§ Data supplied
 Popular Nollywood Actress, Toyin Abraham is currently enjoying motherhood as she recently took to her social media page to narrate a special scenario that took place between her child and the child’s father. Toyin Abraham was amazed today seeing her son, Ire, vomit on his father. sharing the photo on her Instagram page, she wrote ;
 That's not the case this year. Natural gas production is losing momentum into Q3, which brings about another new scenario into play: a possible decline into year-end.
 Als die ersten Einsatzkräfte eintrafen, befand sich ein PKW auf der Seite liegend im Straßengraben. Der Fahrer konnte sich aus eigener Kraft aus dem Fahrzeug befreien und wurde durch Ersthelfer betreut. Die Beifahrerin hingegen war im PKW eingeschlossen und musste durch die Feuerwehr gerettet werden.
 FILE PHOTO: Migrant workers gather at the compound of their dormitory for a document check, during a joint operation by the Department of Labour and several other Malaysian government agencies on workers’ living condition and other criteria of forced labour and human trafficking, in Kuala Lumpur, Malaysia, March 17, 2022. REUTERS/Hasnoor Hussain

==

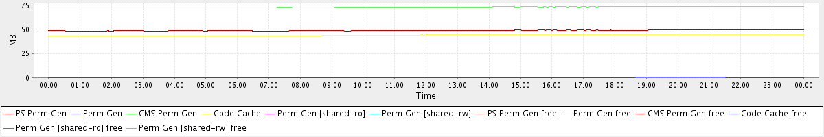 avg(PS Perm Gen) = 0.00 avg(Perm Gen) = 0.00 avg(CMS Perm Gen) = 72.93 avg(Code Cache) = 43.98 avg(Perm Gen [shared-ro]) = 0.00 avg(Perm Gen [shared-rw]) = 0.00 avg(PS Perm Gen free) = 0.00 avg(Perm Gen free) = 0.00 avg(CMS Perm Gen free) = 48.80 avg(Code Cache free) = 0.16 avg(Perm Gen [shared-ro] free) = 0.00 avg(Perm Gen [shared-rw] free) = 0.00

§ Work to be completed
Go through the entries above and copy out every line that includes the word "scenario".

§ Response to the task
 Popular Nollywood Actress, Toyin Abraham is currently enjoying motherhood as she recently took to her social media page to narrate a special scenario that took place between her child and the child’s father. Toyin Abraham was amazed today seeing her son, Ire, vomit on his father. sharing the photo on her Instagram page, she wrote ;
 That's not the case this year. Natural gas production is losing momentum into Q3, which brings about another new scenario into play: a possible decline into year-end.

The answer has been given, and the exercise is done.